Determinants Of The Demand For Real Money Balances And Its Stability In The Iraqi Economy For The Period ( 2003-2018)
Journal of Contemporary Issues in Business and Government,
2021, Volume 27, Issue 1, Pages 3698-3712
AbstractThis paper dealt with estimating and analyzing the determinants of demand for real cash balances and their stability in Iraq for the period (2003-2018).A stable demand on real cash balances function give the green light for the monetary policy maker to use money supply as an effective toolto achieve its goals. The econometric approach was used to estimate and then test the stability of the demand on real cash balances function.
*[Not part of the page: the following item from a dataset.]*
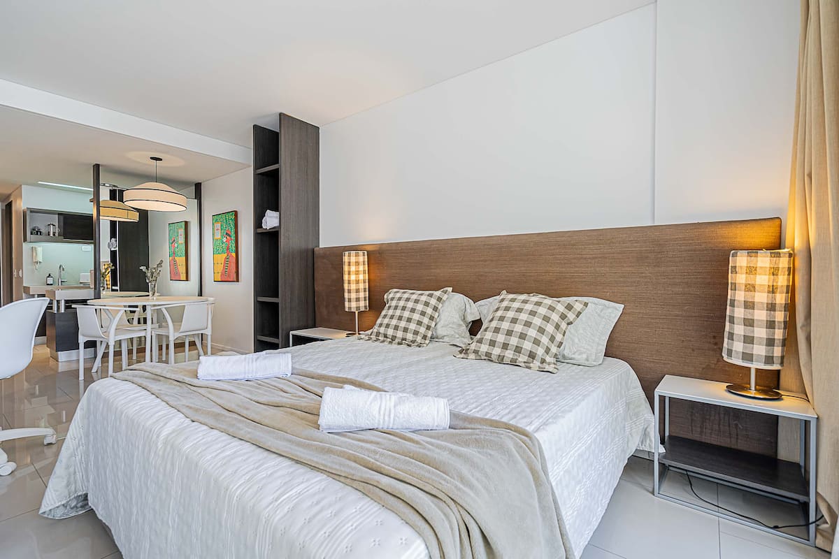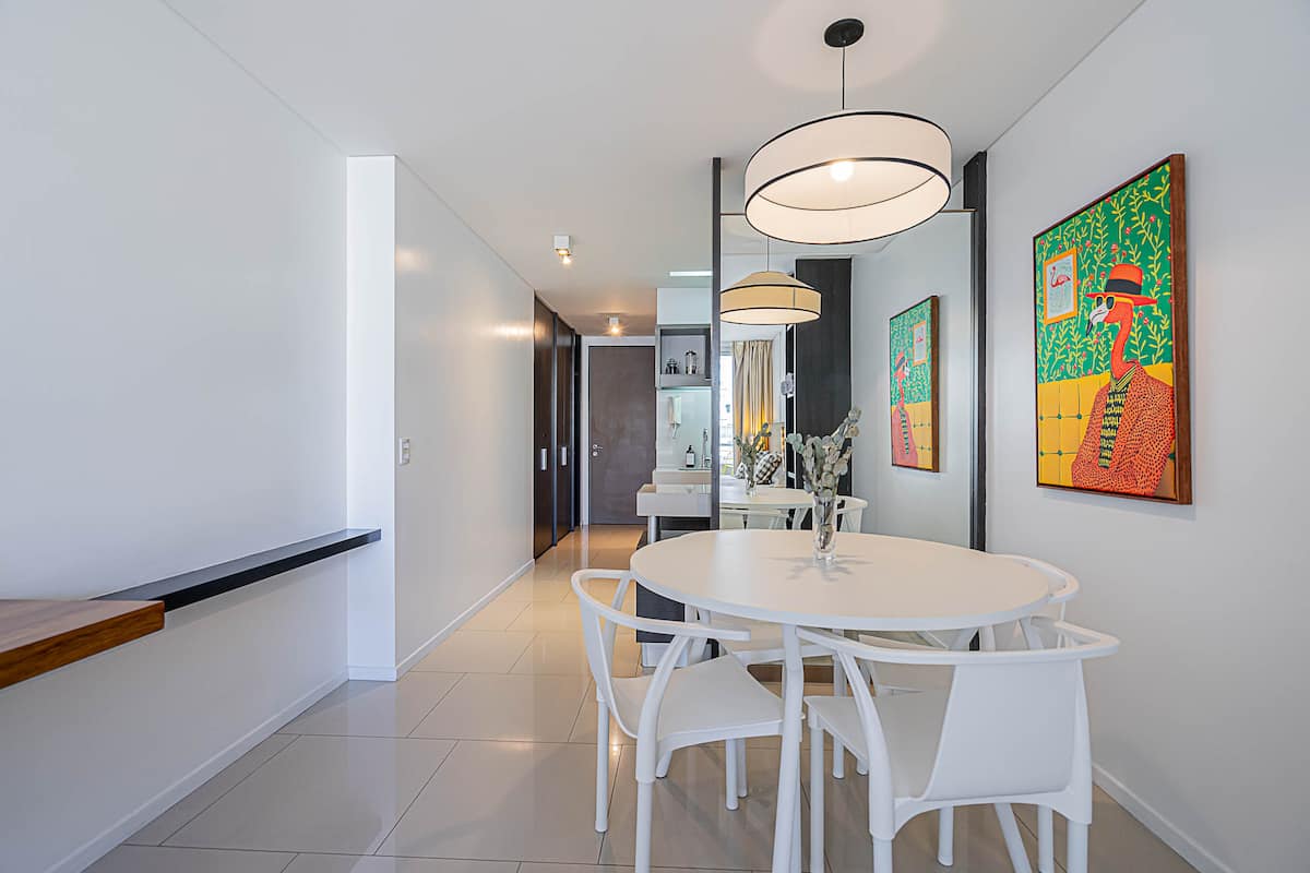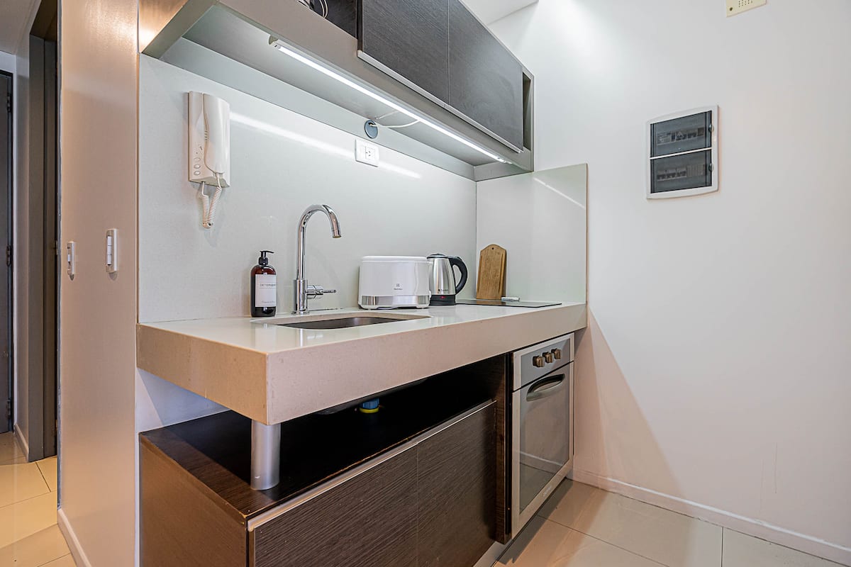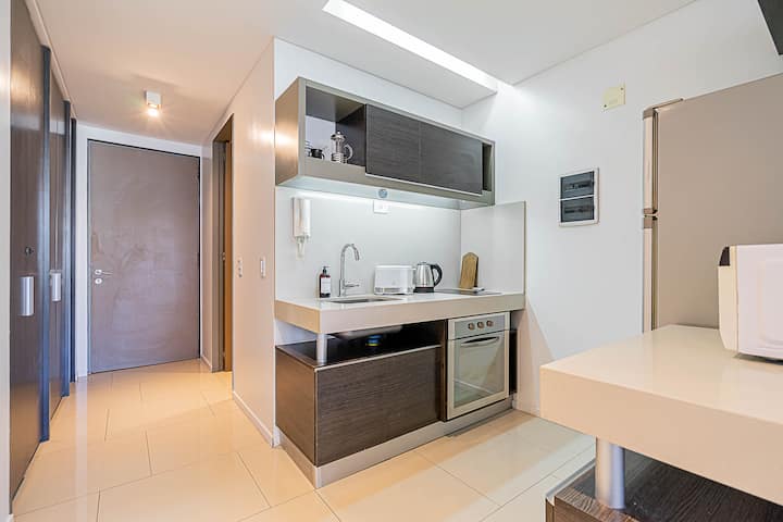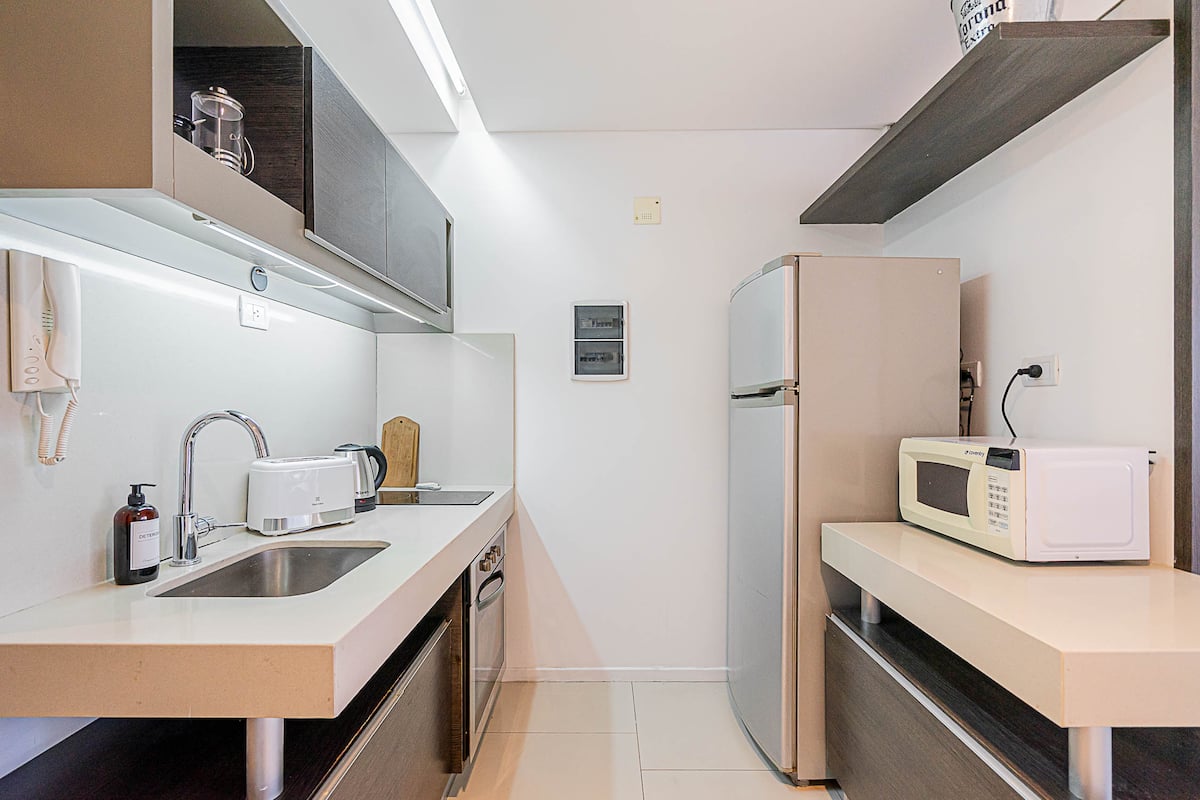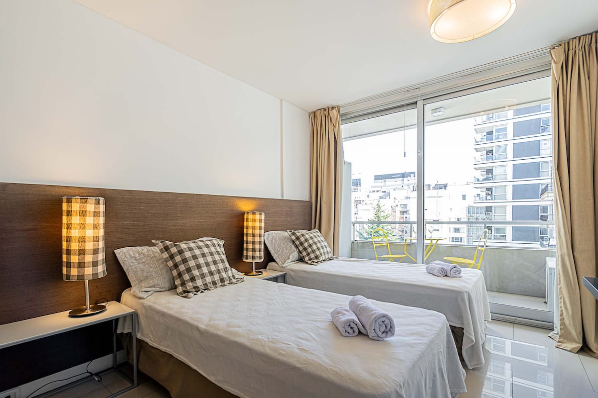 Monoambiente en Palermo Soho, en un edificio con seguridad 24 horas. El departamento tiene balcón y vista abierta. Cocina semi-integrada, aire acondicionado split (frío/calor), Wi-Fi de 300 MB y TV con control Roku. Incluye baño completo con bañera y secador de pelo, cortinas black-out, escritorio, mesa con 4 sillas y placard. La cocina cuenta con heladera con freezer, horno, microondas, pava eléctrica, tostadora, cafetera de prensa francesa y 2 hornallas cerámicas. El servicio de limpieza no es

The stationary test confirmed that some of our variables are stationary at level and others at the first difference. As our co-integration test revealed a long run relationships between the independent variables (exchange rate, Consumer price index, and Gross domestic product) and the real cash balances. According to that the ARDL model was used to estimate the short and the long run coefficients and the error correction parameter by using Eviews11. The results of the estimated model confirmed our hypothesis (The stability of the demand of real cash balances) as the results of CUSUM, and CUSUM SQ shows. This means the success of using money supply as an effective tool by the monetary policy maker. The ARDL results reflects the significant of the independent variables parameters on the short and the long run economically and statistically. The adjustment coefficient was -0.20 which confirm the stability of the model if departed from the equilibrium level and will return back in 5 quarters. The model shows high capability in tracking the historical data. This confirmed the forecasting merit of the model. Five different scenarios postulated to simulate the answer to the What if question for the period 2019-2025. The result of the forecast shows strong sensitivity of the demand of real cash balances to the large shock in the Exchange rate, Consumer price index, and the contraction of the GDP. The combined effect of the strong shock in the independents variable will force the public to abandon the local currency and replace it with US dollar. This will weakened the effectiveness of using the money supply as an effective tool of the monetary policy.